The first thing you notice about The Cavendish Hotel in Baslow is that it’s green. Very, very green. Walls, doorways, staircases, corridors are all painted various shades of green: olive, emerald and other types I’m not knowledgeable enough to identify. Even the menus are green. Then you glimpse the dales of the Peak District through the window and, well, they’re fairly green too.
The second thing you notice is the artwork. It’s everywhere, encompassing every size and style you can imagine. Maps, portraits, monochrome photographs, Victorian caricatures, landscapes, cityscapes, surrealist, naturalistic – the interiors are a mixture of stately home, Soho members’ club and the National Gallery. (My personal favourite is the gigantic painting of a bull that hangs halfway up the stairs.) You almost feel like you should purchase a ticket simply to step inside.
Stately home is the most pertinent aspect here: The Cavendish is part of Chatsworth Estate, a few minutes walk from the 1,000-acre parkland and barely twenty from Chatsworth House itself. The building has belonged to the Devonshire family since 1830, when the Duke of Devonshire supposedly won it from the Duke of Rutland in a card game. Much of the art comes directly from Chatsworth House; “I recognise that one,” said the current Duke on a recent visit. He was referring to the Jeremy Deller installation that reads ‘You Treat This Place Like a Hotel.’
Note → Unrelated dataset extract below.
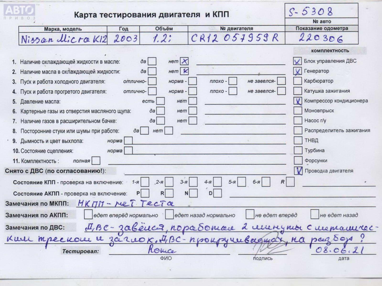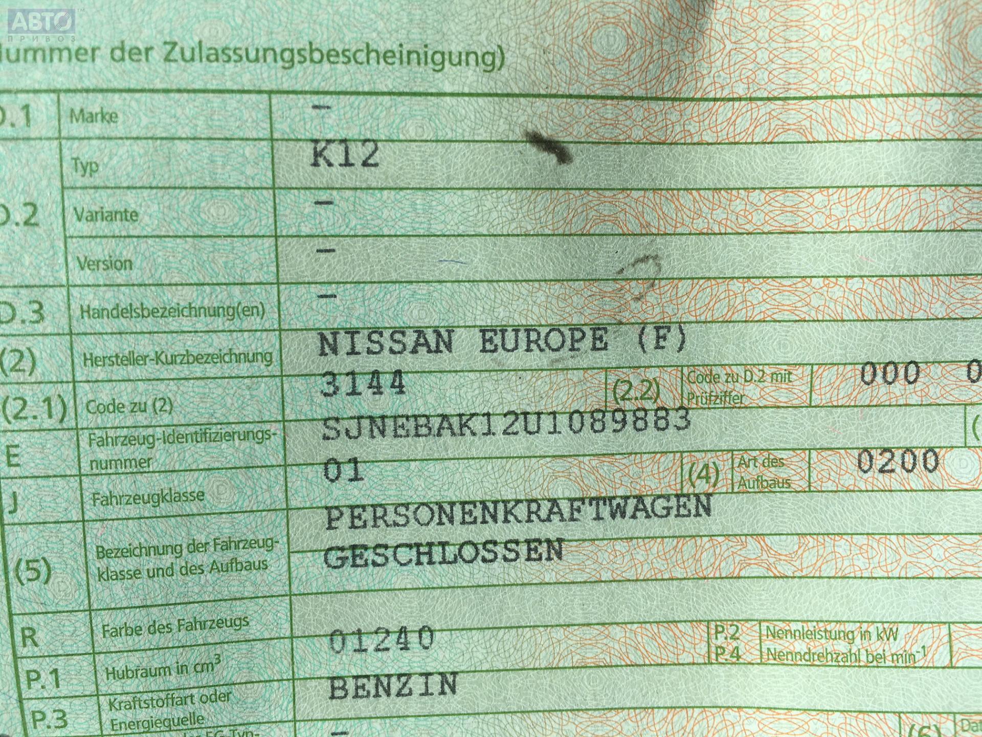 | Марка / Модель / Год: | Nissan Micra K12 (2003-2010) 2003 |

The reception looking into The Garden Room
And what a hotel it is. A recent £3.5m renovation was masterminded by Nicola Harding, the interior designer also responsible for the wonderful Mitre in Hampton Court. It took two years but produced spectacular results: The Cavendish was crowned 2025 Hotel of the Year by both AA and the Times, the awards proudly displayed on the entrance hall mantlepiece along with several others. (The Times article is also framed.)
No arguments from me – the stay was a joy from start to finish. On arrival, we enjoyed some very nice finger sandwiches in the lounge. It was a miserable afternoon but already the Cavendish was casting a seductive, soothing spell that I was only too happy to fall under. I wasn’t the only one.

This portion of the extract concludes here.